Getting ownership percentages right.

This questions comes up frequently, and is a simple misunderstanding that is easy to clear up.  It primarily pertains to corporations, but can apply to LLCs as well depending on how they are set up.

Rule #1: Your percentage ownership in a company is not based on the number of shares that are authorized.  It is based on the number of shares that are issued.  Corporations always issue ownership in terms of “shares” and the Articles of Incorporation set a maximum on the number of shares the company can “issue” and we call this the number of “authorized” shares.  The company can issue fewer than this number.  But it can’t issue more.  Your percentage ownership of the company is based on the number of issued shares, not the number of authorized shares.  For example, a company may be authorized to issue 100,000 shares.  But right now, there is one shareholder who only holds 20,000 shares.  Even though more shares could be issued, so far this one owner holds all of the issued shares, and she owns 100% of the company.  If you are then issued 20,000 shares you own 50% of the company.  Why?  Because you have the same number of shares as the original shareholder.  The fact that there are more shares authorized doesn’t mean anything until those “available” shares are actually issued to someone.  For now, you hold 50% of the company because each of you owns 20,000 shares.  Your percentage is calculated by dividing the number of shares you hold (20,000) by the total number of shares everyone holds, including you (40,000 total).

Rule #2: Watch out for “dilution”.  In the example above, it’s true that you own 50% of the company right now.  So if that’s the case, then why bother setting a specific number of “authorized” shares if that number doesn’t actually affect the percentage of the company that I own?  The reason is that there may be more shareholders coming in the future.  If the company eventually issues the full 100,000 it has authority to issue, your same 20,000 shares you’ve always held are now only 20% of the company.  This is because your 20,000 didn’t change, but the number of total issued shares (including yours) has risen to 100,000 total.  So the number of authorized shares is very important.  It tells you how much your ownership can be “diluted” if the company issues that maximum number of shares.  When buying your 20,000 shares, if staying at 50% is important to you, you need to enter into an agreement with the other shareholder that the company will not issue more shares.

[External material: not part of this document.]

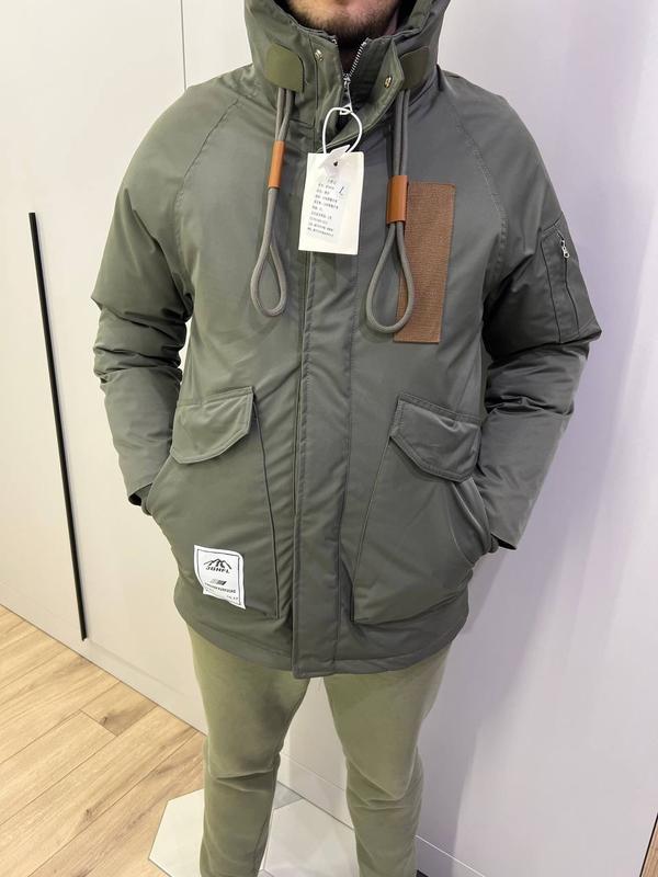 Купила мужчине, не выбрался размер, заказила такую же на размер больше потому что очень понравился. Пишется что на размер L, но маломерит лучше будет на M, или переходной размер M-L Ткань качественная и очень плотная, ветронепродуваемая, наполнитель пух, Внутренние карманы, капюшон, резинки на рукавах, качественные кнопки на куртке и фурнитура, цвет хаки. Пишите, скину замеры и фото на мужчине

Rule #3: Five-percent isn’t as simple as it looks.  Consider business owner “Steve” who runs a software company, and he’s always been the only shareholder.  Steve holds 1,000 shares in his company.  He has a great employee, Alex, and wants to give him 5% of the company.  Simple, right?  5% of 1,000 is 50 shares.  But this is not correct.  Steve wants to keep his whole 1,000 shares.  If he issued 50 shares to Alex, and reduced his own shares to 950 then the percentage would be right, and Alex would have 5% of the company.  But this would technically be a sale of shares by Steve to Alex.  And Steve doesn’t want to report a sale of stock on his tax return.  He just wants the company to issue new, never-before-issued-shares to Alex.  This is a better tax result for Steve.

Why is this more complicated?  Can’t we just issue 50 shares from the company instead of “selling” them out of Steve’s shares?  No.  The number 50 doesn’t work anymore.  If Alex received 50 shares, we would calculate his percentage by dividing 50 into the total number of issued shares including the 50 he just received.  So Alex’s percentage would actually be 4.8% (50 divided by 1,050 equals .0476).  This is too far from 5% to allow for rounding.  To get Alex the 5% he has been promised, you would need to issue him 52.6 shares.  52.6 divided by 1,052.6 equals .0499 which can be properly rounded to 5%.

That’s all for today.  Have an excellent day.

Launch Strong.  Build Strong.  Exit Strong.